The Department for Education is said to see England’s teaching excellence framework and existing higher education laws as inadequate for advancing its agenda against “low-value” courses, and to be aiming to create new powers for the Office for Students via legislation.
Sector sources said that, with the Conservative government prioritising the drive against courses deemed to offer poor graduate outcomes, the TEF was seen by ministers as not being up to the task.
There are also said to be frustrations within government that the 2017 Higher Education and Research Act does not allow it to pursue its interventionist agenda. Some suggest that the further education bill expected soon could be the means to create new powers for the Office for Students, the English sector regulator created by the 2017 act.
OfS chair Sir Michael Barber, who has taken a data-led approach to regulation, said earlier this year that he will not seek a second term as chair, so will leave in March 2021. The advent of a new chair, appointed by ministers, would provide the government with an additional opportunity, alongside any extra powers, to reset the direction of the OfS.
DfE concern about the TEF is thought to centre around the fact that it is not possible for a university to “fail” the exercise, which offers gold, silver and bronze ratings.
And DfE concern about the OfS is said to include the fact that it has struggled to prevent providers that it has deemed substandard gaining access to its register of providers and thus to public student loans funding.
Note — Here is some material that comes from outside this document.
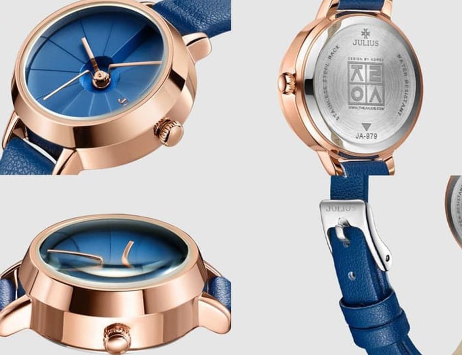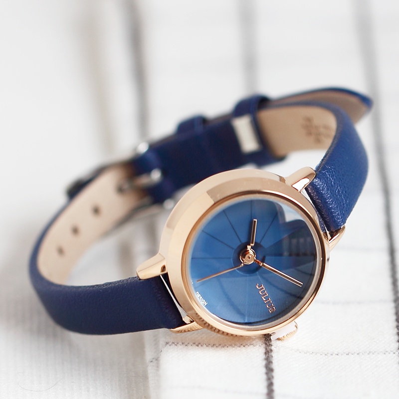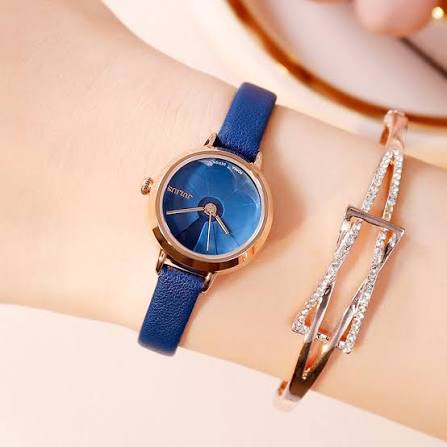 ساعت مچی زنانه کلاسیک بند چرمی ، با ترکیب رنگ سرمه ای و رزگلد - مناسب مجالس رسمی و فعالیت های روزمره
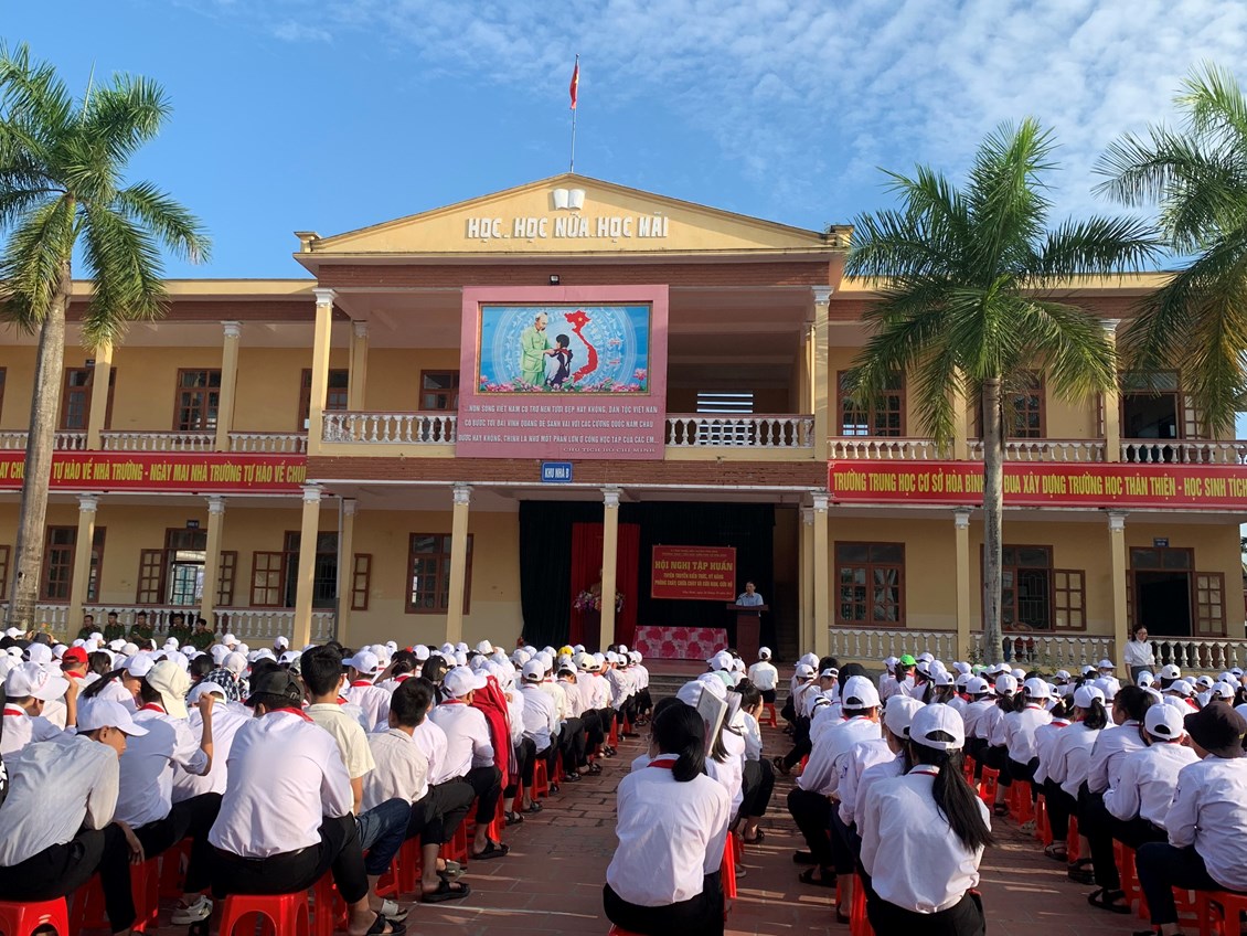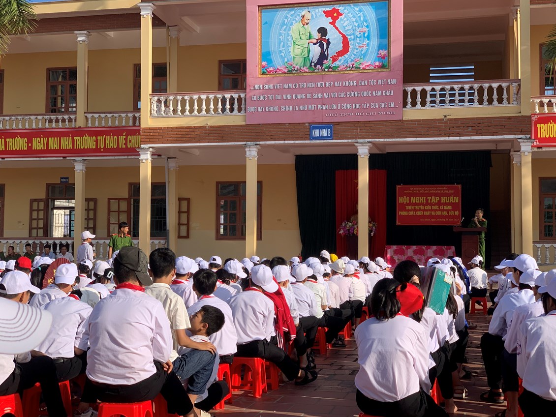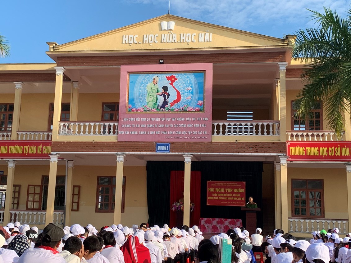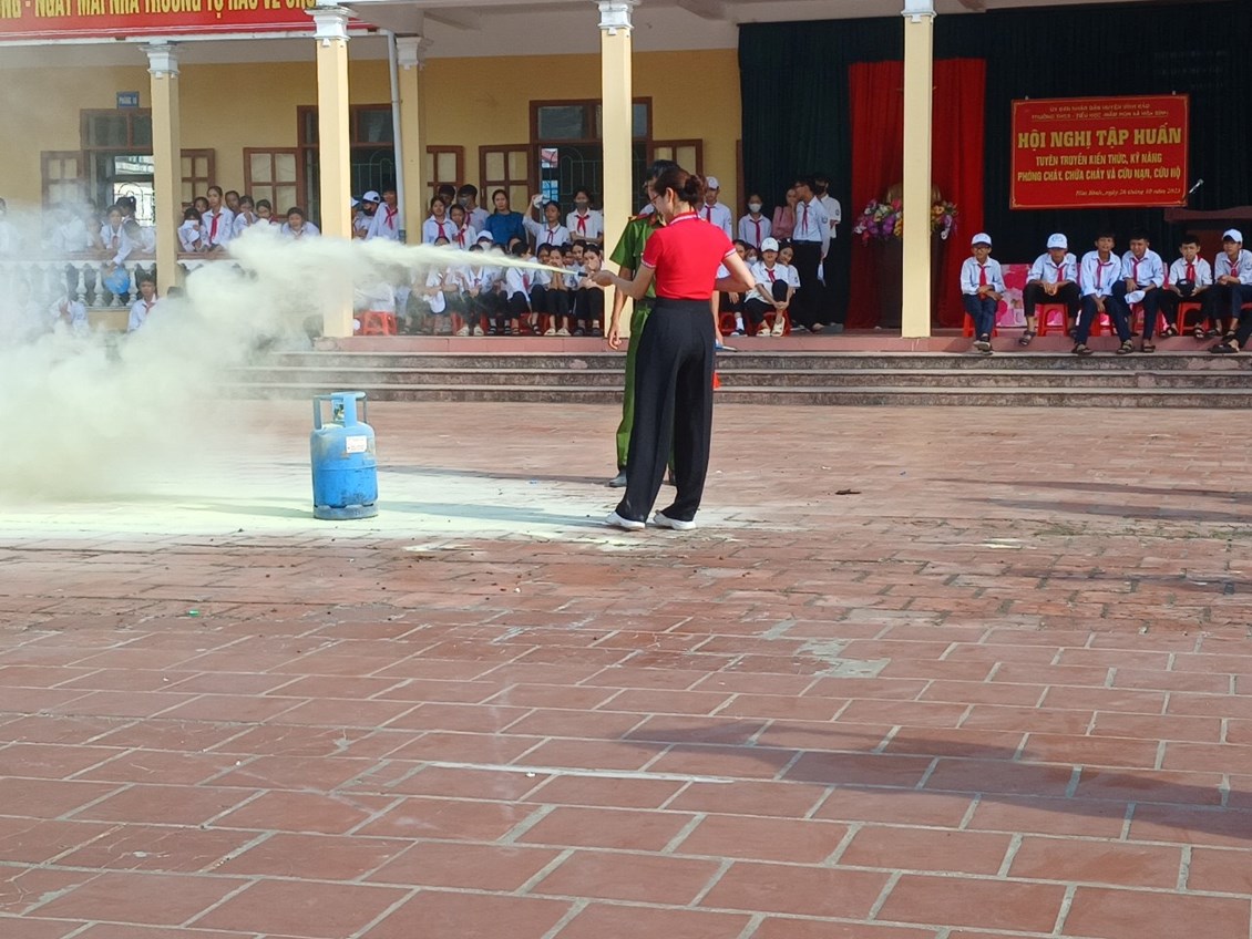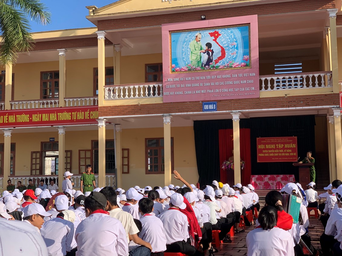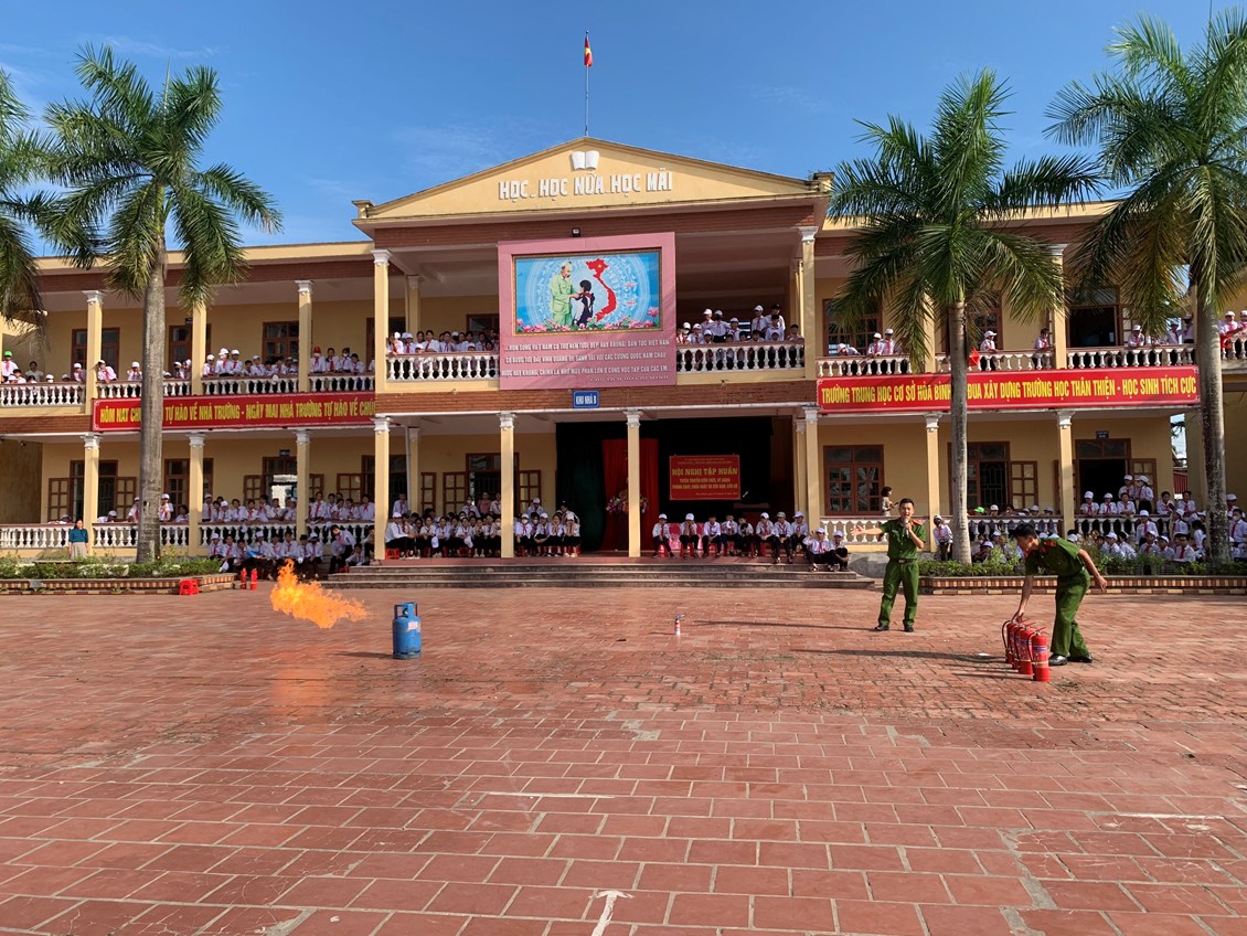 Nhằm thực hiện tốt công tác phòng cháy, chữa cháy trong trường học và nâng cao nhận thức, vai trò, trách nhiệm về công tác Phòng cháy chữa cháy cho mỗi cán bộ, giáo viên, nhân viên trong Đội phòng cháy và chữa cháy của nhà trường, sáng ngày 26/101/2023, Phòng Cảnh sát PCCC Huyện Vĩnh Bảo tổ chức tập huấn nghiệp vụ phòng cháy chữa cháy năm 2023 cho toàn thể cán bộ, giáo viên, nhân viên của 03 nhà trường THCS Hoà Bình, Tiểu học Hoà Bình, Mầm non Hoà Bình và các em học sinh trường THCS Hoà Bình.

Last month, the Court of Appeal quashed the OfS’ decision to refuse registration to the for-profit Bloomsbury Institute over quality and management concerns, ordering it to reconsider the institution’s application.
Gavin Williamson, the education secretary, and Michelle Donelan, the universities minister, have recently made speeches that criticised higher education expansion and called for a greater focus on employment outcomes.
Resetting the OfS so that it focuses on retention rates and graduate employment outcomes, including earnings, could provide a means to pressure universities to shut down courses deemed to score poorly on those metrics.
However, Mr Williamson has exhausted his political capital in the crises over the reopening of schools during the pandemic and over A-level results, with doubts over his future raising questions about whether legislation would materialise in the immediate future.
Nevertheless, the deeper ideological currents are likely to remain regardless of ministerial personnel.
Jo Johnson, the former universities and science minister who created the TEF and was responsible for HERA, was a supporter of higher education expansion and wanted the TEF to drive a demand-led system and ensure “rapid market share shifts between universities” by offering signals on quality.
In contrast, the Brexit-era Tory government led by his brother, Boris Johnson, is critical of higher education expansion and wants to prioritise science and perceived high-earnings courses, rather than allowing a demand-led system.
Mr Williamson’s special adviser, Iain Mansfield, designed the TEF during his time as a civil servant.
It is understood that an as yet unpublished independent review of the TEF, received by the government last year and led by former Loughborough University vice-chancellor Dame Shirley Pearce, recommends the creation of a fourth level in the TEF, in effect a “requires improvement” category.
This would make the TEF more like an Ofsted-style school ratings system, according to supporters of the exercise.
Whether the government wants to repurpose the TEF, or abandons it, is a question left unanswered in its continued failure to respond to the review.